Task instructions — Any pictures in the records below must be left out when you repeat the lines from the line containing "del cross femminile." through the line containing "1971, Muzej Jugoslavije" exactly.

Saved entries:
────────

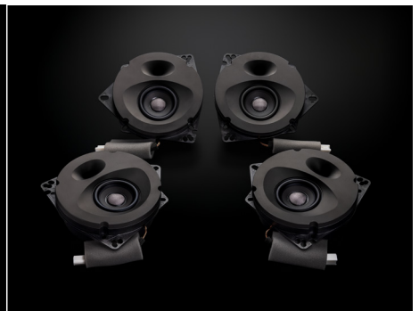
SFR-CX101E (4スピーカー車対応モデル)
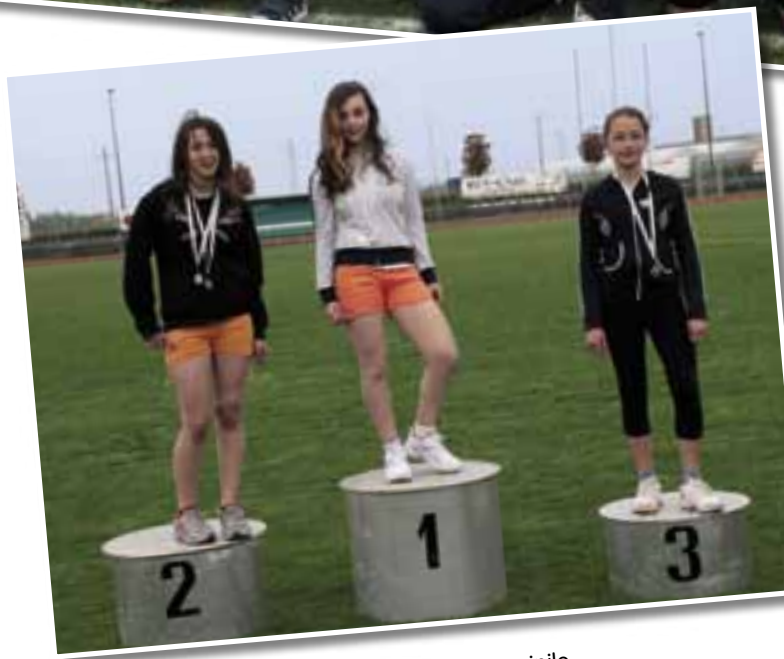
▲ Il podio del cross femminile.
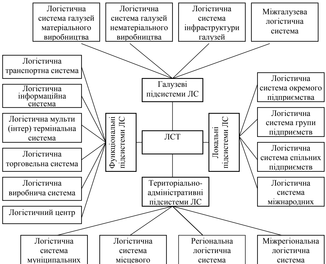
Рис. 2 Структурна модель логістичної системи руху товарів України

Висновки з даного дослідження і перспективи подальших розвідок у даному напрямі. Широке застосування логістики в практиці господарської діяльності пояснюється необхідністю скорочення часових інтервалів між придбанням сировини й поставкою товарів кінцевому споживачеві. Логістика дозволяє мінімізувати товарні запаси, а в ряді випадків взагалі відмовитися від їх використання, дозволяє істотно скоротити час доставки товарів, прискорює процес одержання інформації, підвищує рівень сервісу.
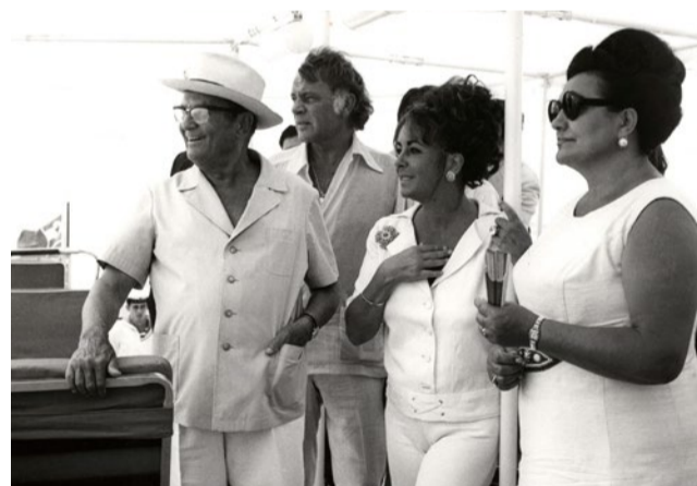
▲ Tito, Ričard Barton, Elizabet Tejlor i Jovanka Broz na Brionima, avgust 1971, Muzej Jugoslavije

Štampa iz 1971. prenosila je Bartonovo oduševljenje ponudom da igra, kako navode, „možda najinteresantnijeg državnika u svetu“. Međutim, Bartonovi dnevници, objavljeni 2012, svedoče o nešto drugačijim utiscima holivudske zvezde. Glumac zapaža raskoš u kojoj žive Tito i Jovanka Broz, kritikujući strah koji Brozovo prisustvo uliva posluzi u njegovoj vili. Zanimljivo je kako Barton poredi popularnost svoje supruge i predsednika Jugoslavije, ističući da su oboje dobili neverovatne ovacije prilikom posete Puli. Naravno, Bartonove opaske tokom boravka u Jugoslaviji nisu bile sasvim negativne. Uprkos početnoj nesigurnosti koju je imao tokom snimanja „Sutjeske“, glumac naglašava kako je veoma zavoleo Jugoslovane. O tome svedoči i intervju koji je dao za jedan jugoslovenski časopis, kada je na pitanje da li bi ponovo snimao jugoslovenski film, Barton odgovorio da bi radije živeo u Jugoslaviji.
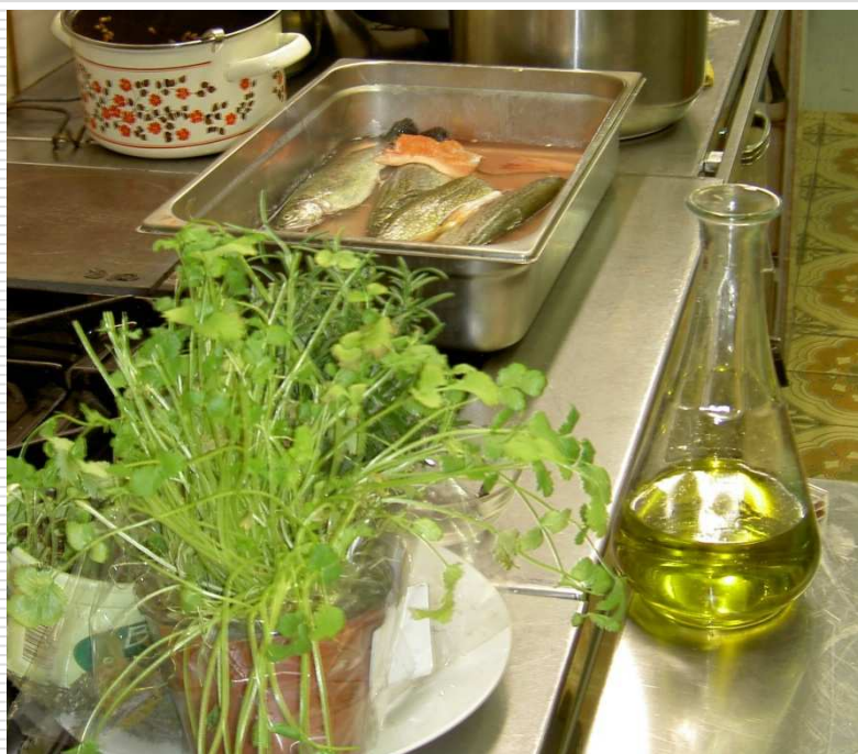
Kochkurs „Fisch mal anders“

Gemeinsam gesund bewegen in der Gemeinde Floing
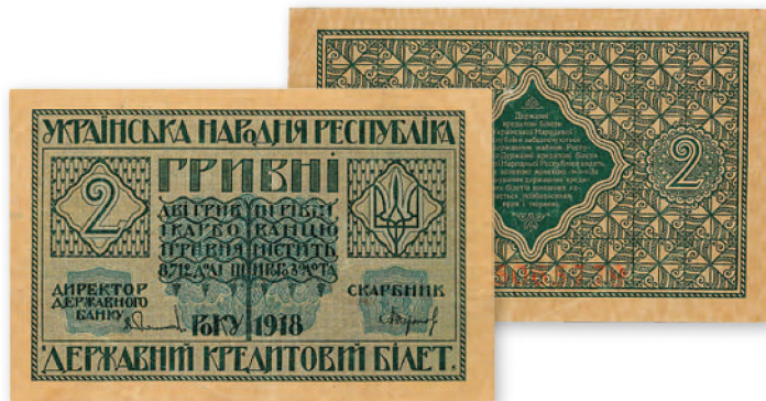
Украинская народная республика. Государственный кредитный билет. 2 гривны. 1918 г. 117x70 мм
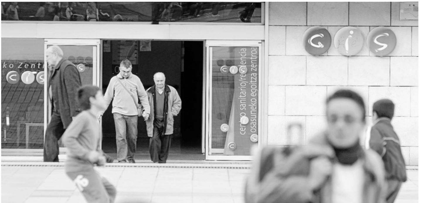
Entrada del Centro de Integración Sociocultural de Los Hermanos, en Barakaldo, que cuenta con un centro de día, entre otros servicios.

an sido necesarios trece años de relación a prueba de todo tipo de informes oficiales, para que Rodríguez esté a punto de decir adiós a la gestión de los dos equipamientos por parte de la corporación de empresas que se agrupan bajo el
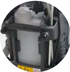
RÉSERVOIR AMOVIBLE ARRIÈRE
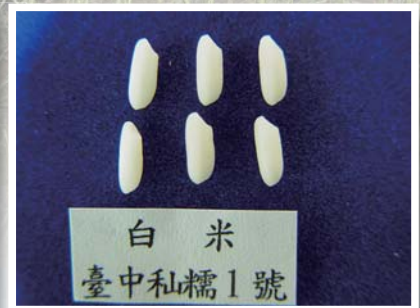
■ 台中私糯1號之白米

────────

Written solution —
▲ Il podio del cross femminile.
Рис. 2 Структурна модель логістичної системи руху товарів України

Висновки з даного дослідження і перспективи подальших розвідок у даному напрямі. Широке застосування логістики в практиці господарської діяльності пояснюється необхідністю скорочення часових інтервалів між придбанням сировини й поставкою товарів кінцевому споживачеві. Логістика дозволяє мінімізувати товарні запаси, а в ряді випадків взагалі відмовитися від їх використання, дозволяє істотно скоротити час доставки товарів, прискорює процес одержання інформації, підвищує рівень сервісу.
▲ Tito, Ričard Barton, Elizabet Tejlor i Jovanka Broz na Brionima, avgust 1971, Muzej Jugoslavije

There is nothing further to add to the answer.